Bug 52784 - SXSSFWorkbook, invalid xml characters, corrupted XLSX
Summary: SXSSFWorkbook, invalid xml characters, corrupted XLSX
Alias: None
Product: POI
Classification: Unclassified
Component: SXSSF (show other bugs)
Version: 3.8-dev
Hardware: PC All
: P2 normal (vote)
Target Milestone: ---
Assignee: POI Developers List
Depends on:
Reported: 2012-02-28 09:52 UTC by Catalin Z. Alexandru
Modified: 2012-04-30 07:05 UTC (History)
0 users

SXSSFWorkbook generated file (225.37 KB, application/vnd.openxmlformats-officedocument.spreadsheetml.sheet)
2012-02-28 09:52 UTC, Catalin Z. Alexandru

Note You need to log in before you can comment on or make changes to this bug.
Description Catalin Z. Alexandru 2012-02-28 09:52:39 UTC
Created attachment 28395 [details]
SXSSFWorkbook generated file

Exporting with SXSSFWorkbook, generates a corrupted .xlsx file. I've attached the generated XLSX file.

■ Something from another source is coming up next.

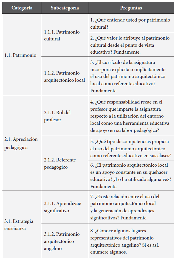 Así mismo, se pudo observar en el profesorado que el concepto de patrimonio lo relacionan perfectamente con los bienes espirituales y materiales muebles o inmuebles que pasan a formar parte de una sociedad que delega a otra sus tradiciones culturales y herencias como puente entre el pasado y el futuro, aproximándose a la visión integradora planteada en este contexto por la Unesco. Principalmente, los profesores advierten que el patrimonio arquitectónico local se materializa en la idea de edificios y conjuntos arquitectónicos pertenecientes a un lugar específico que, por sus valores históricos, culturales y emblemáticos, son significativos para una sociedad en particular. En este sentido, los entrevistados enfatizan que dichos conjuntos arquitectónicos ofrecen múltiples estrategias didácticas para fortalecer los diferentes saberes y conocimientos específicos en el estudiantado, sobre todo cuando se trabaja interdisciplinariamente entre dos o más asignaturas.

Viewed it with an XML viewer, but could not find the problem. 

Generating the same XLSX, from the same data, with XSSFWorkbook, generates a proper .xlsx file.

We're using SXSSFWorkbook, for memory issues. We've now using XSSFWorkbook as a quick-fix/workaround, but wish to identifiy the problem here.
Comment 1 Catalin Z. Alexandru 2012-02-28 10:43:28 UTC
Excel reports: "Replaced Part: /xl/worksheets/sheet1.xml part with XML error.  Illegal xml character. Line 394, column 267.".

Looking in sheet1.xml, at line: 394, column 267, around it i see this: "If youâre looking for a palm-sweating". The "267" column is the ";" in "". Tried to decode the entire entity, but it outputs a weird character.

SXSSFWorkbook should ignore unknown or invalid characters for XML. I've tracked this issue down and seems that the original source of this message, contains the same unprintable characters. Does not show up, but can easily be spotted in the source of the original document.

As far as I know < ASCII 32, are control characters. Shouldn't these be ignored? Not encoded. As they're not printable they actually don't provide any useful value for anybody.

XSSFWorkbook does a proper job ignoring this.
SXSSFWorkbook doesn't.
Comment 2 Yegor Kozlov 2012-02-28 14:03:47 UTC
Should be fixed in r1294657

Your diagnosis is correct, writing a ISO control character ( < 32) resulted in a corrupted workbook.

I could easily reproduce it with the following simple code:

        Workbook wb = new SXSSFWorkbook();
        Sheet sh = wb.createSheet();
        Cell cell = sh.createRow(0).createCell(0);

XSSF delegates writing XML to XmlBeans and this framework replaces characters below 32 with question marks. I changed SXSSF to do so too.

It appears that there are two more special cases where you can't simply write a char code in XML:

 case 1: low and high unicode surrogates: DC00-DFFF and D800-D8FF
 case 2: 'not a character' range: FFFE-FFFF

XmlBeans replaces characters from these ranges with question marks, so I fixed SXSSF to be consistent.

Comment 3 sabdulrazak 2012-04-27 13:33:27 UTC

I am facing the same problem, where can I download the jar files of this release? Please advise

Comment 4 sabdulrazak 2012-04-30 07:05:47 UTC

I am able to download the version 3.8.